When we wake up Wednesday morning, a lot of us will be isolationists again. All the tough election-season rhetoric about supporting U.S. troops abroad will have disappeared overnight, and many Americans can be expected to revert back to what has been a rising and unmistakable trend: For the first time in nearly three-quarters of a century – since the months before Dec. 7, 1941—many people are forthrightly embracing isolationism as an election issue. And the feeling isn't likely to go away any time soon, despite some recent polls suggesting that more and more Americans outraged by the videotaped beheadings of two journalists have supported military action against ISIL, also known as the Islamic State. With the war against ISIL expected to last many years, the pivotal issue of the 2016 election might turn out to be not the economy or health care but whether the United States should continue as the world's policeman, as it has since the end of World War II, or should finally come home for good.

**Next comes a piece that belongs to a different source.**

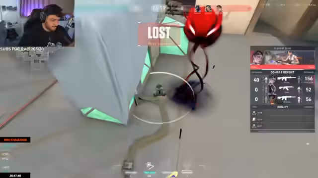 03:49:30Bei einem Stand von 1-7 für das Team äußert Mehdi seinen Ärger über das mangelnde Engagement der Mitspieler. Obwohl er über 10 Kills erzielt, verlieren sie das Match. Trotz der Verluste kündigt er an, weiterzuspielen, und gibt bekannt, einen Sale für Subs zu starten, um das Rad drehen zu lassen. Die Motivation ist weiterhin auf ein mögliches Winning-Streak-Play gerichtet.

"Isolationism" is Wapshott's preferred term throughout; he castigates as a "weasel word" any attempt to distinguish isolationists who didn't want to engage the world at all from non-interventionists who support free trade and peaceful interaction with the world, but object to the D.C. fetish for dropping American bombs and bodies into every knife fight on the planet.

Wapshott acknowledges that "isolationism" as well as opposition to NSA surveillance unites Americans, "bringing together the far left of the Democratic Party with libertarian Republicans in a show of solidarity rarely seen in Washington."

It's also popular among Americans who vote for those politicians, he concedes, with support for limited action against ISIS acting as an exception to public opposition to greater military intervention, according to Pew. Reason-Rupe polling finds almost identical results, with support for air strikes against ISIS balanced against opposition to the use of ground forces.

That skepticism about intervention extends elsewhere, according to Reason-Rupe polling. Only 28 percent of Americans want to increase the U.S. military presence around the world, while 36 percent want to decrease America's global military presence.

This skepticism of permanent war is so popular that…non-interventionists send "dog-whistle signals" to reassure the faithful without letting hawks catch on, according to Wapshott. But "as soon as the midterms are out of the way, dovish Democrats and libertarian Republicans will feel free once again to express their reluctance to continue to support military action abroad."

But the polling…Never mind. Wapshott is convinced that this is an underground movement—of the majority.

His spin aside, Wapshott is likely right. Non-interventionism—or "isolationism," if he insists—is on the rise, with limited exceptions made for special horrors like ISIS. Wapshott clearly doesn't like that development, but those of us who care about American lives might find it encouraging.